» **Aim of the exercise**: Copy word for word the lines in the records below, starting at the line with "one of oval" and ending at the line with "Ogni volta che". Skip the pictures.
-- Supplied records follows --
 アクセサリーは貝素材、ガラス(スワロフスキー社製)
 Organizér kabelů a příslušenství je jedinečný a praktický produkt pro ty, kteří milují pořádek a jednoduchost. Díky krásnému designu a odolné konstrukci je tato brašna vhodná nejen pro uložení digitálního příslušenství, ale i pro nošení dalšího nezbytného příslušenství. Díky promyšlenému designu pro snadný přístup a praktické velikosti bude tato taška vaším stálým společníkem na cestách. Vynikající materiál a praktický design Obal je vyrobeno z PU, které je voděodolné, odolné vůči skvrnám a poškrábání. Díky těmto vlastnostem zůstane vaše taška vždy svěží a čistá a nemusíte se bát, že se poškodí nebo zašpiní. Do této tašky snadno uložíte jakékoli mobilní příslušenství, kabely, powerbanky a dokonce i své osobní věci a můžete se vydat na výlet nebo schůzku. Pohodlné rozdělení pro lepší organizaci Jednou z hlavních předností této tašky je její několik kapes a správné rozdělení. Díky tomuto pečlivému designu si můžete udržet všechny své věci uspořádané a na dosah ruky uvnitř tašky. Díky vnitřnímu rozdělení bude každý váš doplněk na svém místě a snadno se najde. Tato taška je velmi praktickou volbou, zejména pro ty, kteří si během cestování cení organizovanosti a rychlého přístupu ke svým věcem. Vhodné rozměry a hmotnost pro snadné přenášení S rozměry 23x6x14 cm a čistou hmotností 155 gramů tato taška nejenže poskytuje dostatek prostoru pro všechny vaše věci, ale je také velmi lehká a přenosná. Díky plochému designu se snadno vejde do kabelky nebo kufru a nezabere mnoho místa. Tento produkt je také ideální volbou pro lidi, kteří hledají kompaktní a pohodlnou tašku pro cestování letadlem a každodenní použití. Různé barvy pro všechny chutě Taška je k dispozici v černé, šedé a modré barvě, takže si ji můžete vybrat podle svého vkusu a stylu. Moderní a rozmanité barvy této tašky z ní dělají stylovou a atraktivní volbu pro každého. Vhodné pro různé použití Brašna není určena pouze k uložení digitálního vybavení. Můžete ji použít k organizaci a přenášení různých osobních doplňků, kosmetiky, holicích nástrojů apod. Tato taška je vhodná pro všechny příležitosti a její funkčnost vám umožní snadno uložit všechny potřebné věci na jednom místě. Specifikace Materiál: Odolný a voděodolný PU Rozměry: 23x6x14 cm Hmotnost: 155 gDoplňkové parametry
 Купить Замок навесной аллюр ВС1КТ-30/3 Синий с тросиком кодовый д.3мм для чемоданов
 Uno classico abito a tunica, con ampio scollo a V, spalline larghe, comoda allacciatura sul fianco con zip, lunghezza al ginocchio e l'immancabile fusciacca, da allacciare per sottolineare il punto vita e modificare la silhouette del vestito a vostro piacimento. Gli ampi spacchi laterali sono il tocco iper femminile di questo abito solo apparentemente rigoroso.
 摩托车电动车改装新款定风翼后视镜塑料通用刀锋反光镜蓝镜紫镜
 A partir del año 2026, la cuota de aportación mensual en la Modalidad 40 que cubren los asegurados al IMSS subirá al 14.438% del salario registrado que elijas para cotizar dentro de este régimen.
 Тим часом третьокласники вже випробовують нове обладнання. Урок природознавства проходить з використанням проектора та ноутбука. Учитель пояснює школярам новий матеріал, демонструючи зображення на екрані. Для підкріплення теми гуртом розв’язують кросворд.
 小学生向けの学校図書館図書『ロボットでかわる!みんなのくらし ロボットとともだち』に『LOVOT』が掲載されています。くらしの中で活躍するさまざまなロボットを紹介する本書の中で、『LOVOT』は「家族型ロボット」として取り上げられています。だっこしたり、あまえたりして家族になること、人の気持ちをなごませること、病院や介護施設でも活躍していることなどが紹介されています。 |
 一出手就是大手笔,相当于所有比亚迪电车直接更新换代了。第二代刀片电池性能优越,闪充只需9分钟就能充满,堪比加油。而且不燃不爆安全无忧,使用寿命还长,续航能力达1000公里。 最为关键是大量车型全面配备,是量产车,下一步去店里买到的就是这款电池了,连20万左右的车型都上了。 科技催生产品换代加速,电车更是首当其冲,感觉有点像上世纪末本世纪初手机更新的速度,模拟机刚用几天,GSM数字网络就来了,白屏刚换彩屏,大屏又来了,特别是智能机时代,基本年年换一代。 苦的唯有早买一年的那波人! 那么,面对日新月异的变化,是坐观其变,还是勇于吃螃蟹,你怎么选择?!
-- Supplied records concluded --
-- Supplied records follows --
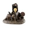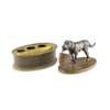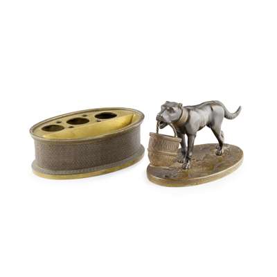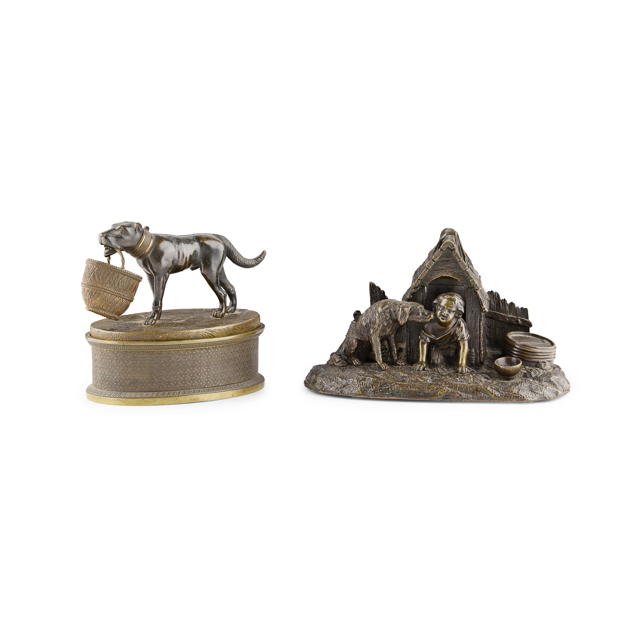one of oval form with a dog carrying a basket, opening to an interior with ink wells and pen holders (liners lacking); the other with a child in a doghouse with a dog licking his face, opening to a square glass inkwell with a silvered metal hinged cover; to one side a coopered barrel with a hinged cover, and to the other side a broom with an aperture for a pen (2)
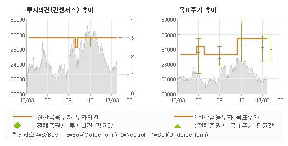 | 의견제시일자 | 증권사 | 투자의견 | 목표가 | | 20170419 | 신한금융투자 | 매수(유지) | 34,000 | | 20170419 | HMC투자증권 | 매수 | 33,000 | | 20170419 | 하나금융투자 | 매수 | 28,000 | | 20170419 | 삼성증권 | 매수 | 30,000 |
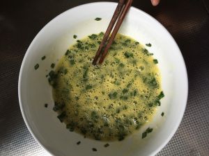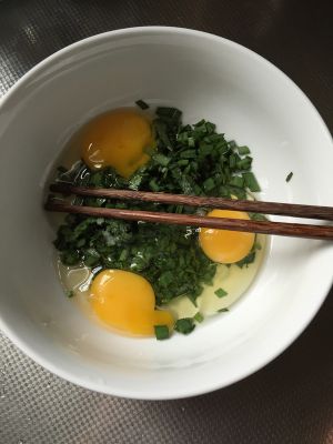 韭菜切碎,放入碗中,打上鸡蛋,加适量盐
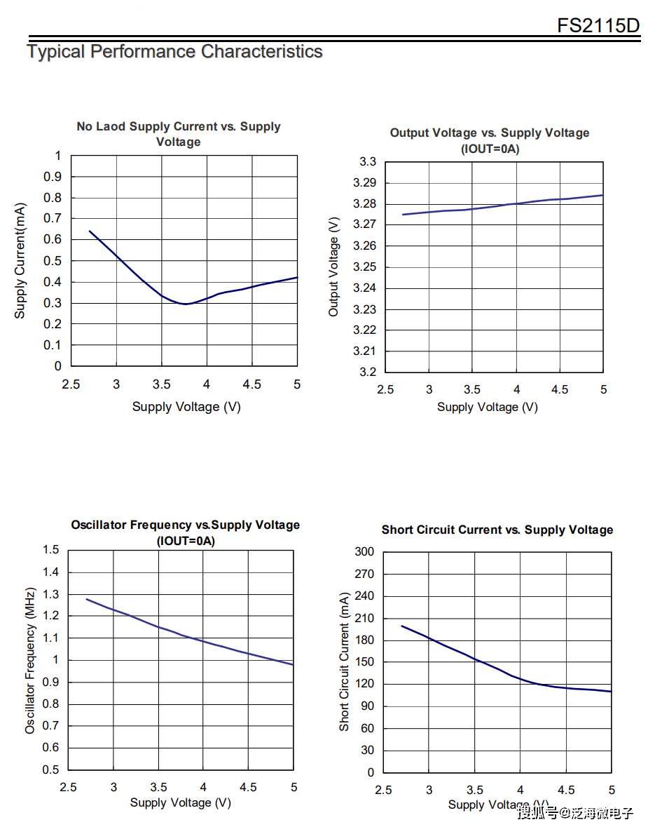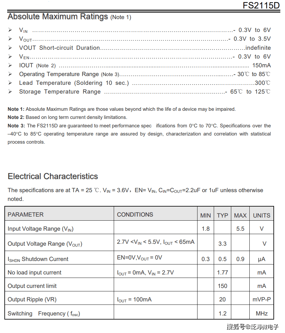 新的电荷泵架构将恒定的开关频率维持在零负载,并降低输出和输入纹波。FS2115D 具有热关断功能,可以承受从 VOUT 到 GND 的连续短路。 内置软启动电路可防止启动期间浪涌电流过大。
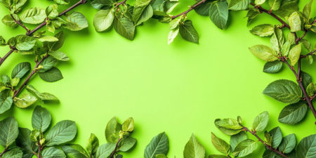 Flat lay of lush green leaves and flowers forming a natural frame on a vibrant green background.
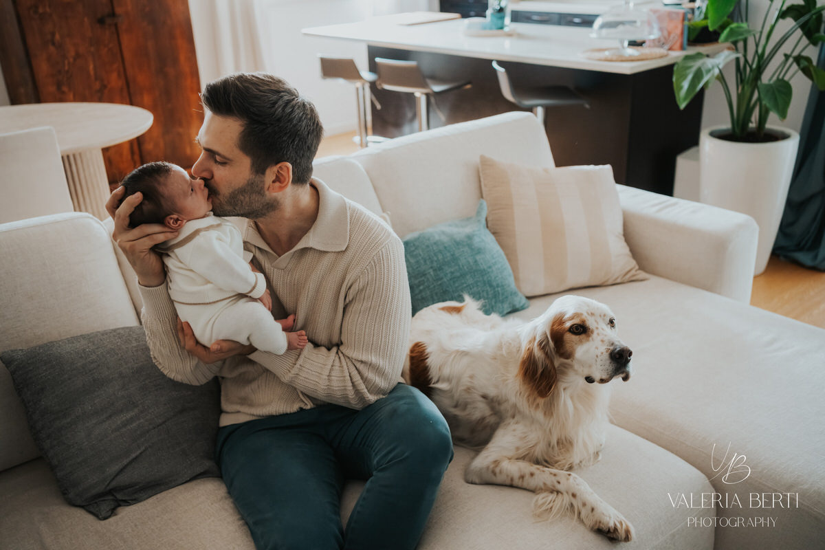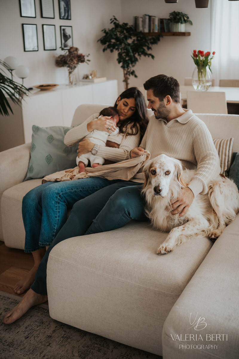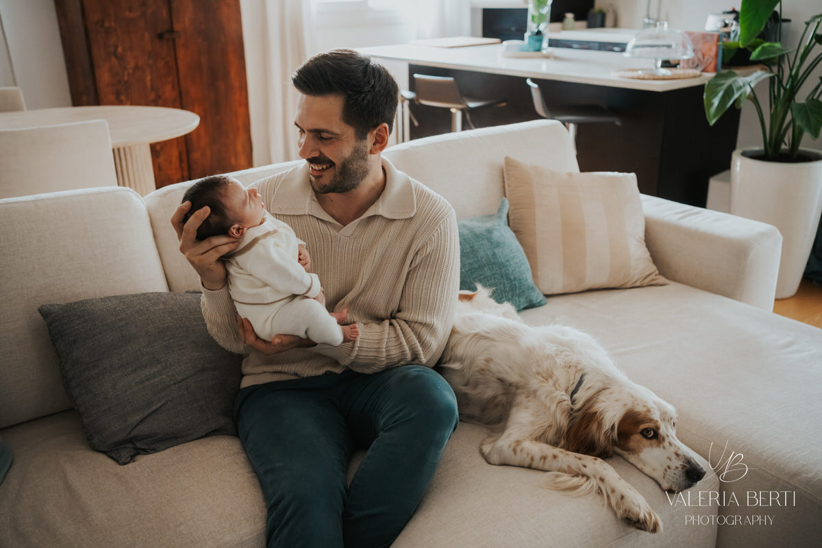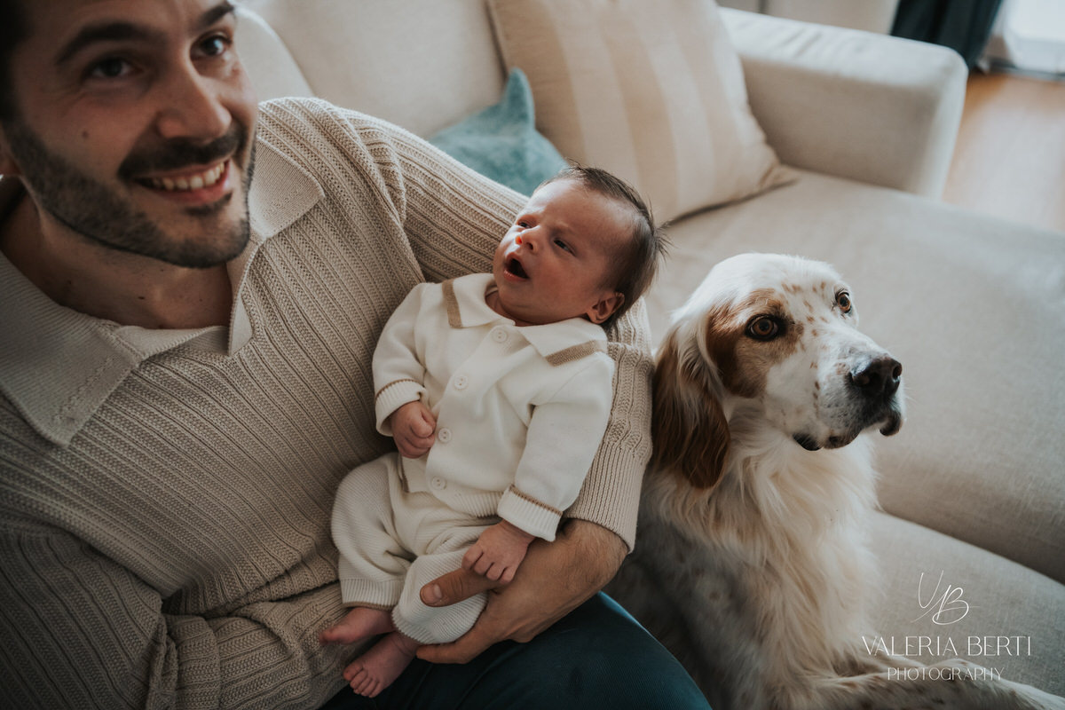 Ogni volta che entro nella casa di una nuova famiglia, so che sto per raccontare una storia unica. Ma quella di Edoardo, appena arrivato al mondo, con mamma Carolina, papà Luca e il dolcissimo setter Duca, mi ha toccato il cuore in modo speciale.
-- Supplied records concluded --
» **Reply to the exercise**:
one of oval form with a dog carrying a basket, opening to an interior with ink wells and pen holders (liners lacking); the other with a child in a doghouse with a dog licking his face, opening to a square glass inkwell with a silvered metal hinged cover; to one side a coopered barrel with a hinged cover, and to the other side a broom with an aperture for a pen (2)
 | 의견제시일자 | 증권사 | 투자의견 | 목표가 | | 20170419 | 신한금융투자 | 매수(유지) | 34,000 | | 20170419 | HMC투자증권 | 매수 | 33,000 | | 20170419 | 하나금융투자 | 매수 | 28,000 | | 20170419 | 삼성증권 | 매수 | 30,000 |
 韭菜切碎,放入碗中,打上鸡蛋,加适量盐
 新的电荷泵架构将恒定的开关频率维持在零负载,并降低输出和输入纹波。FS2115D 具有热关断功能,可以承受从 VOUT 到 GND 的连续短路。 内置软启动电路可防止启动期间浪涌电流过大。
 Flat lay of lush green leaves and flowers forming a natural frame on a vibrant green background.
 Ogni volta che entro nella casa di una nuova famiglia, so che sto per raccontare una storia unica. Ma quella di Edoardo, appena arrivato al mondo, con mamma Carolina, papà Luca e il dolcissimo setter Duca, mi ha toccato il cuore in modo speciale.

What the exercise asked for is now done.